Any picture in the data below gets skipped; print all the rest exactly.

[[ ENTRIES PROVIDED, beginning ]]

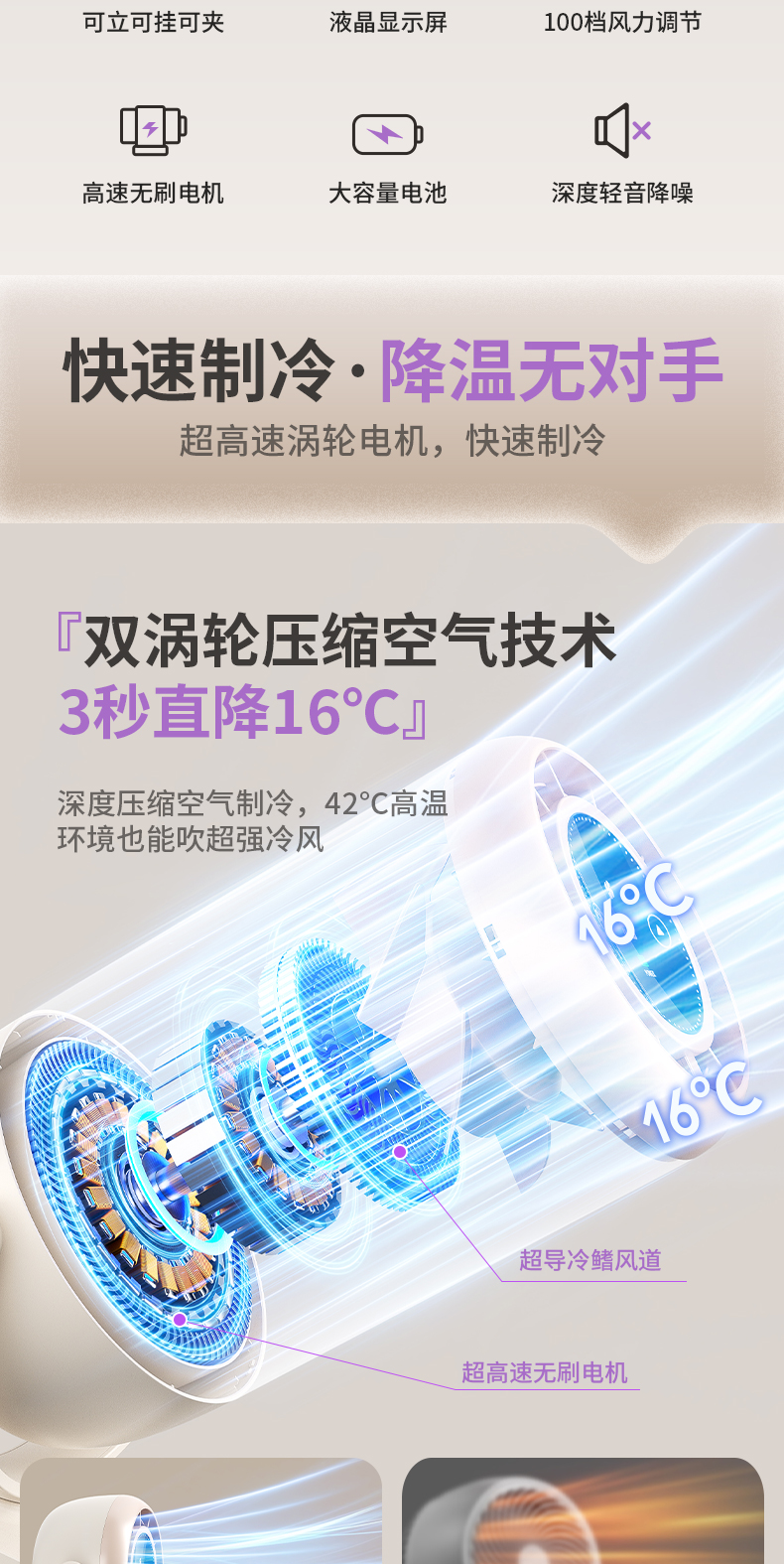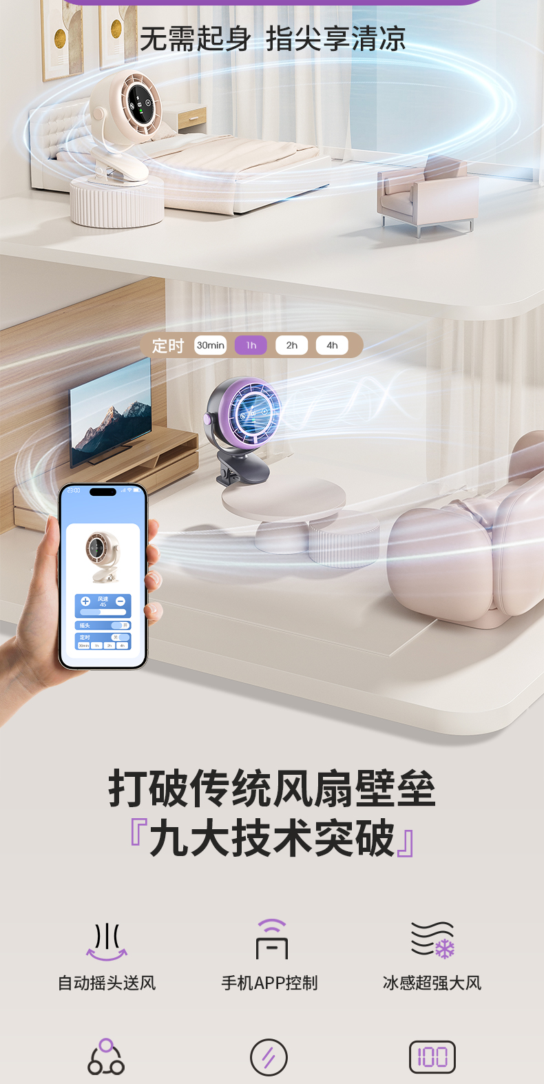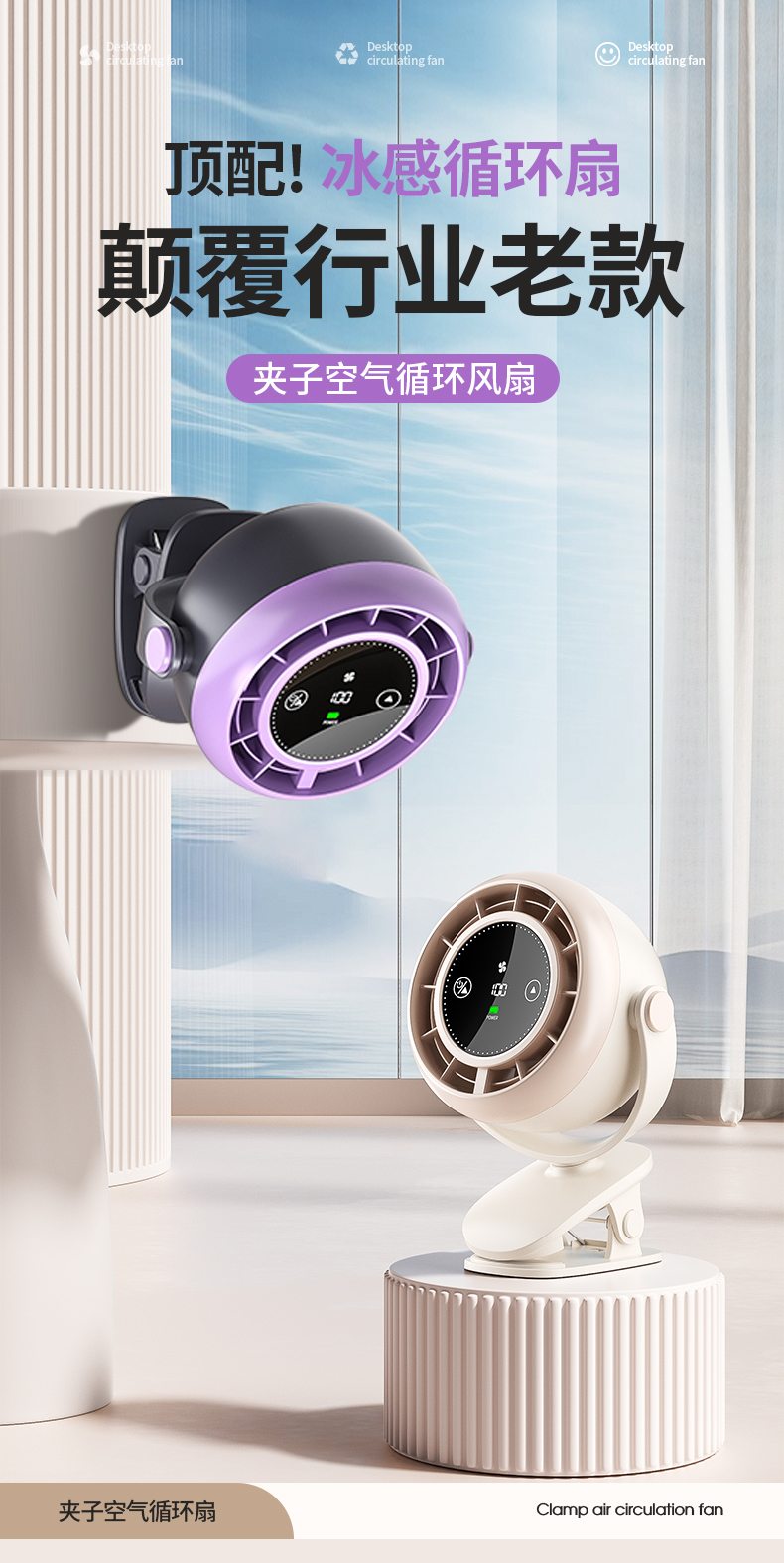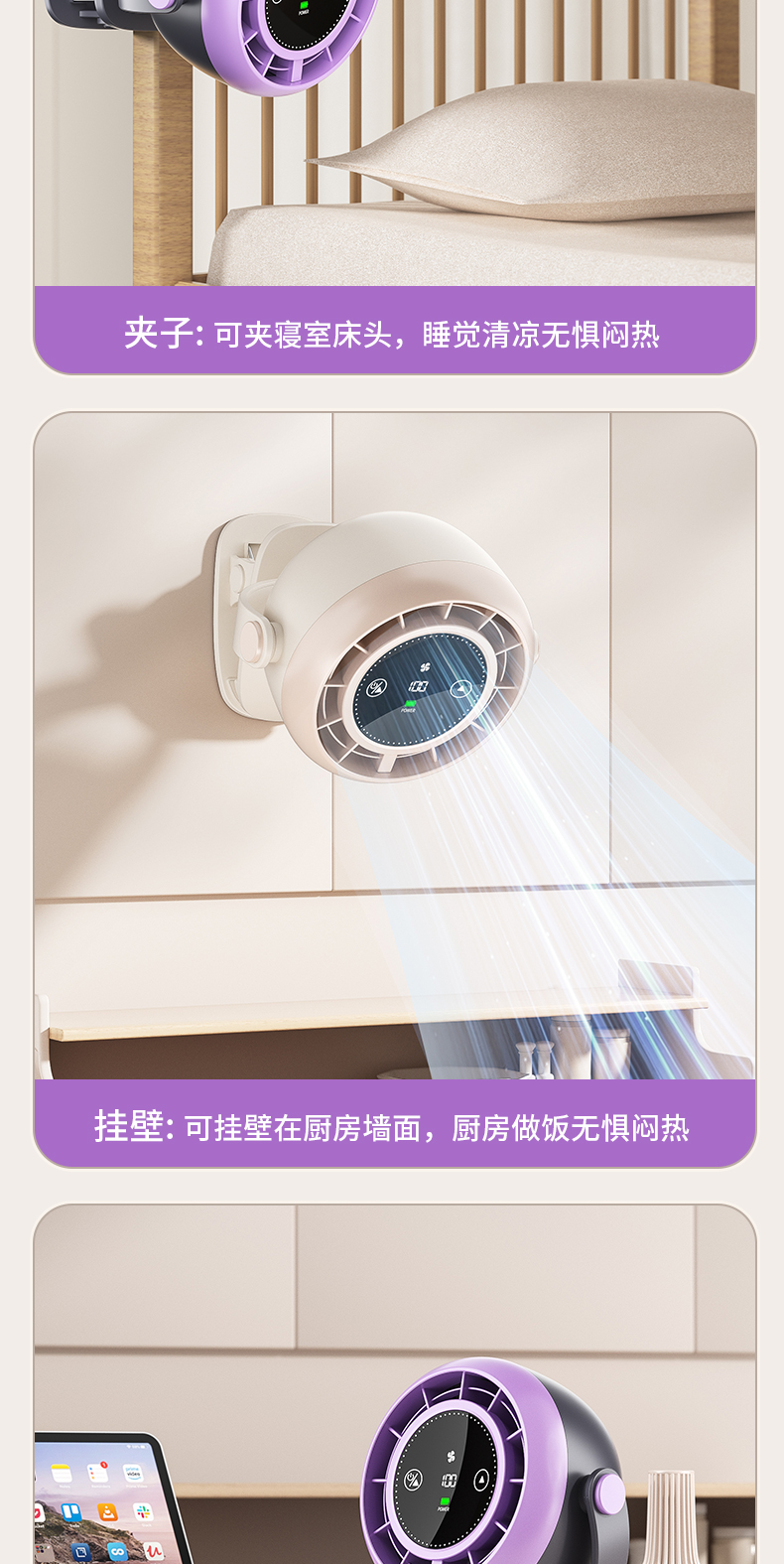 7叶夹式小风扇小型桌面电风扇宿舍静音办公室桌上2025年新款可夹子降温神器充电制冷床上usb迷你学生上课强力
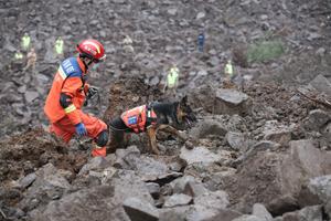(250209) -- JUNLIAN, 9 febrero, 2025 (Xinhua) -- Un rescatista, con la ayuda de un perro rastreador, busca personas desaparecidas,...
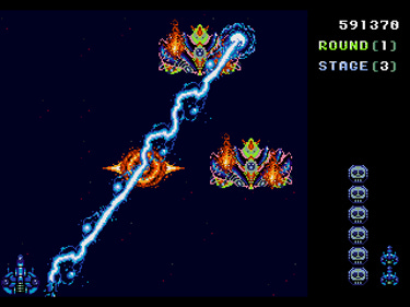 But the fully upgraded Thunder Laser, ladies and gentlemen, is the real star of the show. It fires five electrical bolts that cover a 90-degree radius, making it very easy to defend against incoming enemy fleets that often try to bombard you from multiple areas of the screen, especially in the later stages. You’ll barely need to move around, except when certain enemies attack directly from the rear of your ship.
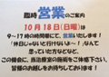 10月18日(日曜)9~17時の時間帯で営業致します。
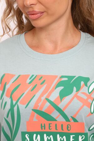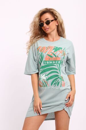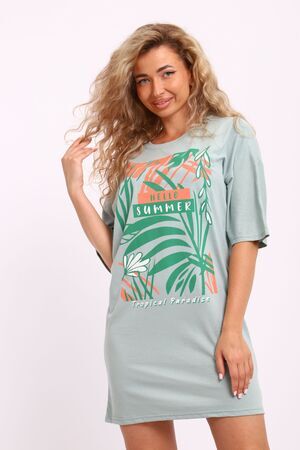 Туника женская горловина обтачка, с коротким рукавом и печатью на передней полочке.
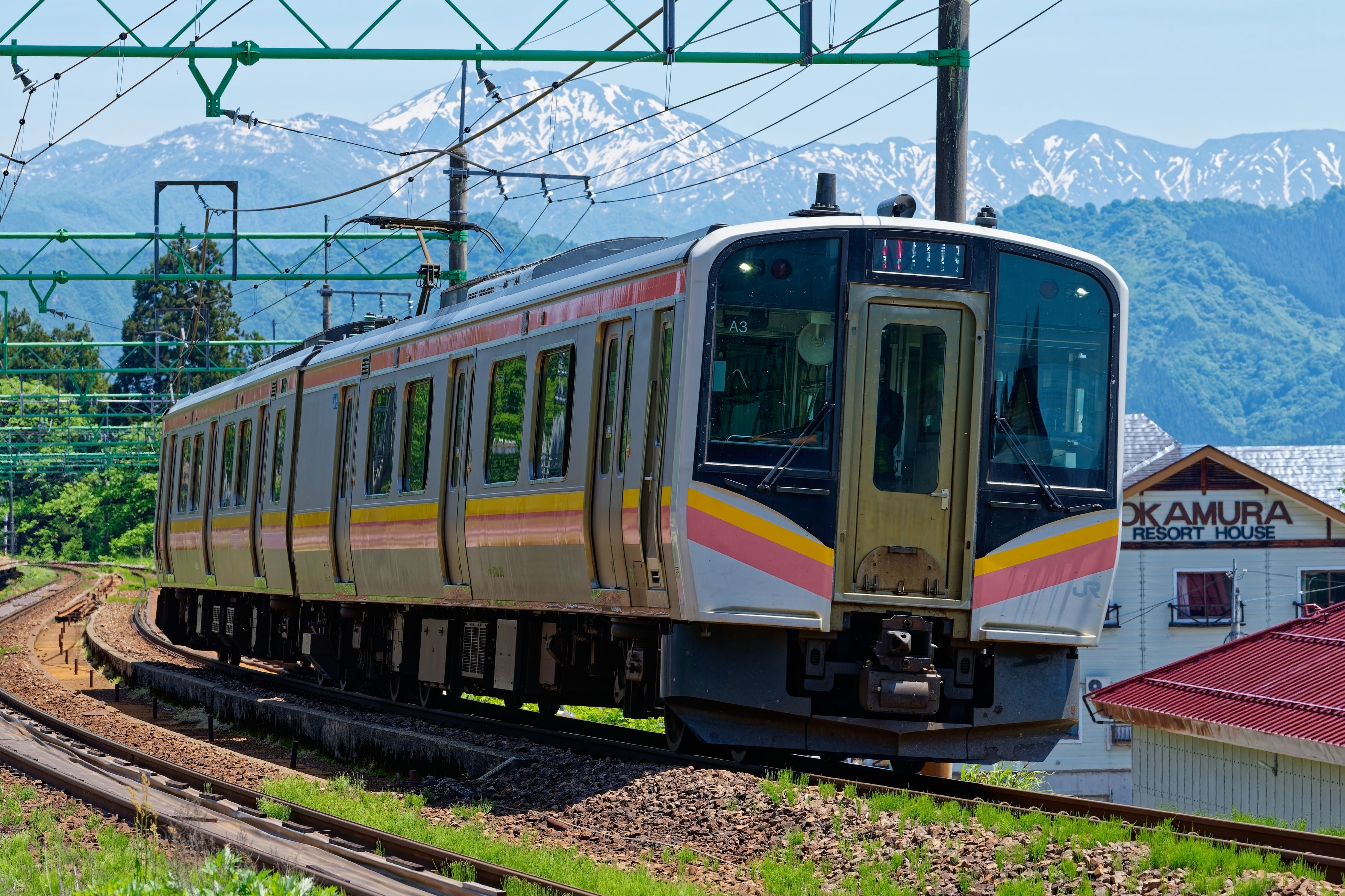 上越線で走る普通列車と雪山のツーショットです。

[[ ENTRIES PROVIDED, end ]]

▶ **ANSWER TO THE PROBLEM**
 7叶夹式小风扇小型桌面电风扇宿舍静音办公室桌上2025年新款可夹子降温神器充电制冷床上usb迷你学生上课强力
(250209) -- JUNLIAN, 9 febrero, 2025 (Xinhua) -- Un rescatista, con la ayuda de un perro rastreador, busca personas desaparecidas,...
 But the fully upgraded Thunder Laser, ladies and gentlemen, is the real star of the show. It fires five electrical bolts that cover a 90-degree radius, making it very easy to defend against incoming enemy fleets that often try to bombard you from multiple areas of the screen, especially in the later stages. You’ll barely need to move around, except when certain enemies attack directly from the rear of your ship.
 10月18日(日曜)9~17時の時間帯で営業致します。
 Туника женская горловина обтачка, с коротким рукавом и печатью на передней полочке.
 上越線で走る普通列車と雪山のツーショットです。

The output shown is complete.